═══ The input

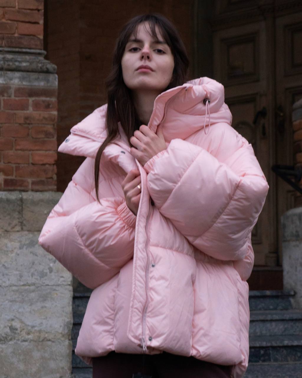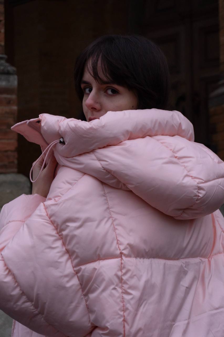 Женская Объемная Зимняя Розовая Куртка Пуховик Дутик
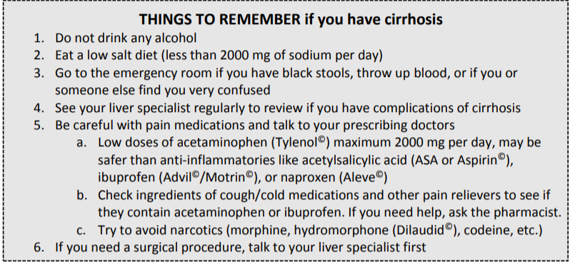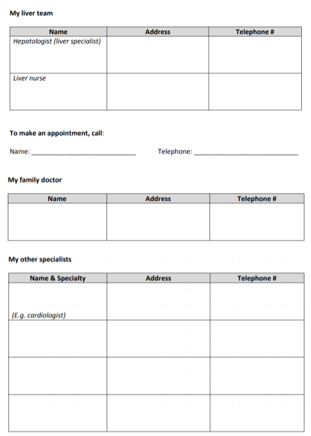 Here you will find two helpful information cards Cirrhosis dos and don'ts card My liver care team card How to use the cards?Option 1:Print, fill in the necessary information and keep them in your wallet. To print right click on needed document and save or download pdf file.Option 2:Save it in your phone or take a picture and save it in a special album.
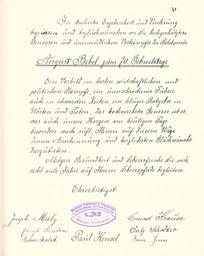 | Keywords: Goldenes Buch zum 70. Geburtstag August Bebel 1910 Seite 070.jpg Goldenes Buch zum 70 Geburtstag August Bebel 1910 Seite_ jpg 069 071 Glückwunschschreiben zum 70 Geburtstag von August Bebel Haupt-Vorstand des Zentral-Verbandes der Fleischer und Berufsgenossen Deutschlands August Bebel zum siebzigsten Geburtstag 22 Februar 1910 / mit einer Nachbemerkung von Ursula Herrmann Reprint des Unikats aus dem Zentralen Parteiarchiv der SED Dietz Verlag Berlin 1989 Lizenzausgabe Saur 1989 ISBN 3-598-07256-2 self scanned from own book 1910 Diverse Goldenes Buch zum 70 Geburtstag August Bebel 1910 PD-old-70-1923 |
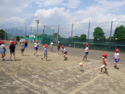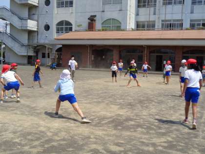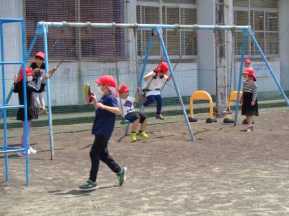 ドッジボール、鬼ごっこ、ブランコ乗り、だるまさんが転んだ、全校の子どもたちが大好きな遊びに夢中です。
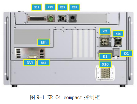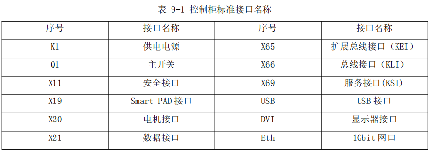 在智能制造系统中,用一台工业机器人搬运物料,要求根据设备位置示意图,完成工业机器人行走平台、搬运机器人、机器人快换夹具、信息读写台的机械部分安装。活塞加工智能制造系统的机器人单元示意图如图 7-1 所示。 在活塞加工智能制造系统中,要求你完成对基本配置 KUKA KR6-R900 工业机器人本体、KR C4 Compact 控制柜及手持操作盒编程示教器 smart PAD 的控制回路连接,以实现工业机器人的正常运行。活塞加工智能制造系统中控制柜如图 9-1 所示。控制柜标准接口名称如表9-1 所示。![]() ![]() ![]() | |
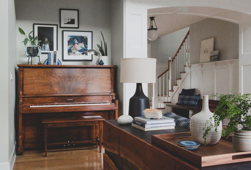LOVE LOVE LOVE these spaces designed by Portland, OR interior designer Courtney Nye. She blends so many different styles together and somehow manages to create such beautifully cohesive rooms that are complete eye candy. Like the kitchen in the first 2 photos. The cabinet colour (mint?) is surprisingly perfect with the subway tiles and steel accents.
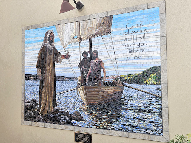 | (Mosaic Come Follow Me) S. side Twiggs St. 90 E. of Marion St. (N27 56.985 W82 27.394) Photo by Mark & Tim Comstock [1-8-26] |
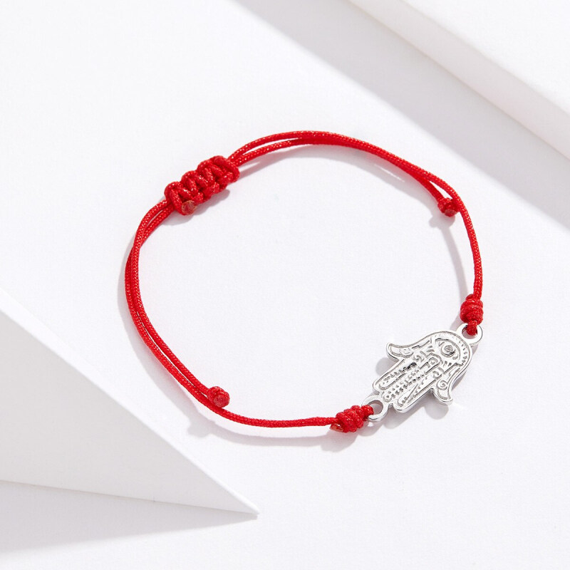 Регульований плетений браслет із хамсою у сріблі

══════
═══ The input

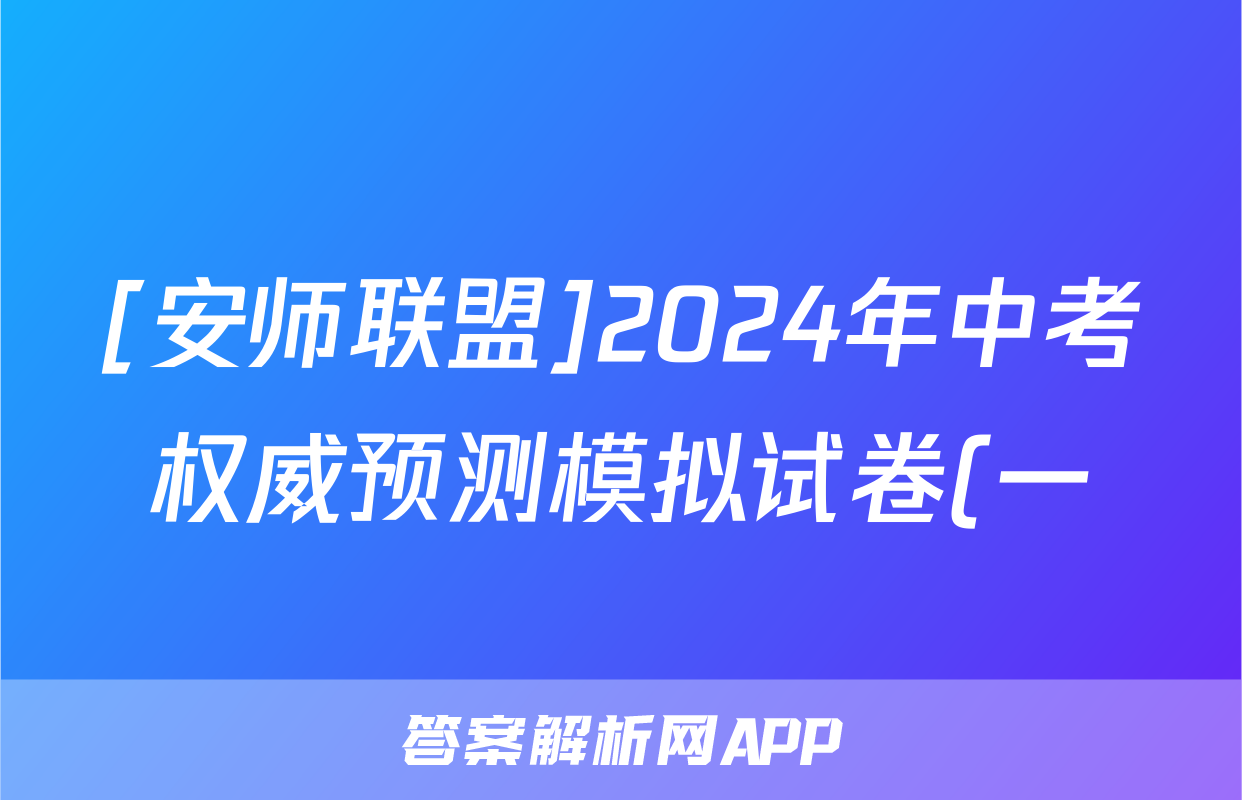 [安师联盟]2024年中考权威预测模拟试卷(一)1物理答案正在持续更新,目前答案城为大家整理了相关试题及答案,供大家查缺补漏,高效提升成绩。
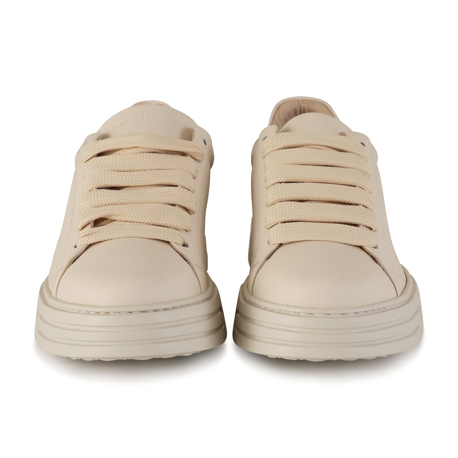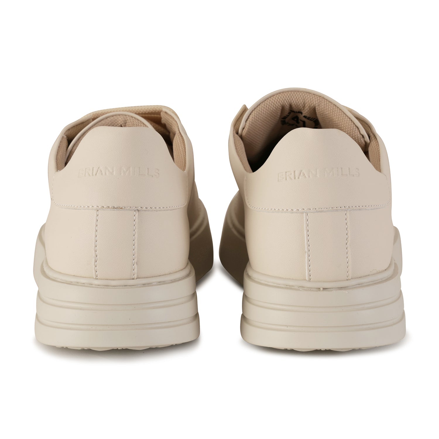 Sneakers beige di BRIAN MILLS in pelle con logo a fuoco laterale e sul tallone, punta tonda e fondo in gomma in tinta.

══════
═══ The input

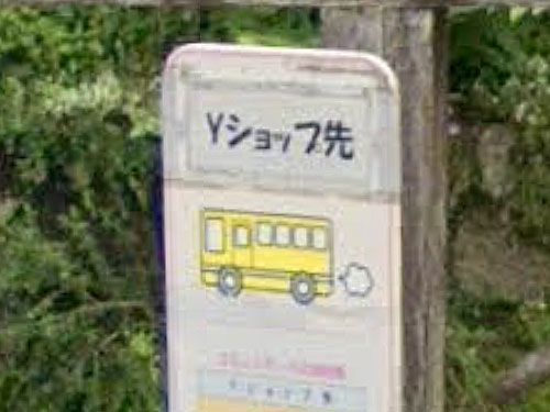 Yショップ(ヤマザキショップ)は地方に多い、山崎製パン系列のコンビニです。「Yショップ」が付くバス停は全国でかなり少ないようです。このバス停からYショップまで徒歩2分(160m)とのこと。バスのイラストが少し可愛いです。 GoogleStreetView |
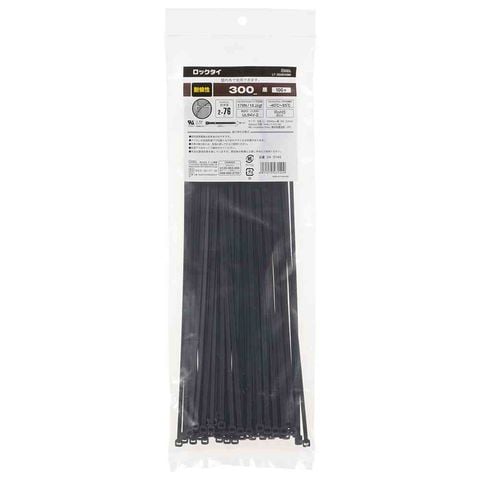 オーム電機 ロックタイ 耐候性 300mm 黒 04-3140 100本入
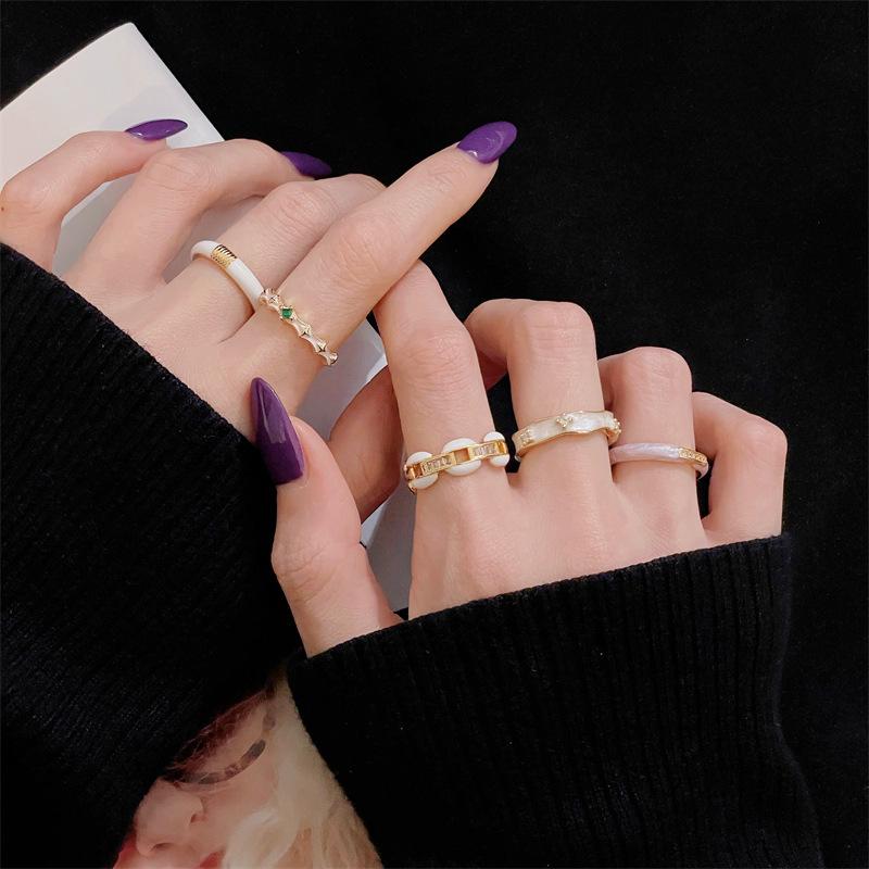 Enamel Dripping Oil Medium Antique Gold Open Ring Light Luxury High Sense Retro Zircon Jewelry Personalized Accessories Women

══════

What you are asked to do – Without the pictures, give again exactly the lines above starting at the line containing "ドッジボール、鬼ごっこ、ブラ" and ending at the line containing "Регульований плетений браслет".

Result of this task –
 ドッジボール、鬼ごっこ、ブランコ乗り、だるまさんが転んだ、全校の子どもたちが大好きな遊びに夢中です。
 在智能制造系统中,用一台工业机器人搬运物料,要求根据设备位置示意图,完成工业机器人行走平台、搬运机器人、机器人快换夹具、信息读写台的机械部分安装。活塞加工智能制造系统的机器人单元示意图如图 7-1 所示。 在活塞加工智能制造系统中,要求你完成对基本配置 KUKA KR6-R900 工业机器人本体、KR C4 Compact 控制柜及手持操作盒编程示教器 smart PAD 的控制回路连接,以实现工业机器人的正常运行。活塞加工智能制造系统中控制柜如图 9-1 所示。控制柜标准接口名称如表9-1 所示。![]() ![]() ![]() | |
LOVE LOVE LOVE these spaces designed by Portland, OR interior designer Courtney Nye. She blends so many different styles together and somehow manages to create such beautifully cohesive rooms that are complete eye candy. Like the kitchen in the first 2 photos. The cabinet colour (mint?) is surprisingly perfect with the subway tiles and steel accents.
 | (Mosaic Come Follow Me) S. side Twiggs St. 90 E. of Marion St. (N27 56.985 W82 27.394) Photo by Mark & Tim Comstock [1-8-26] |
 Регульований плетений браслет із хамсою у сріблі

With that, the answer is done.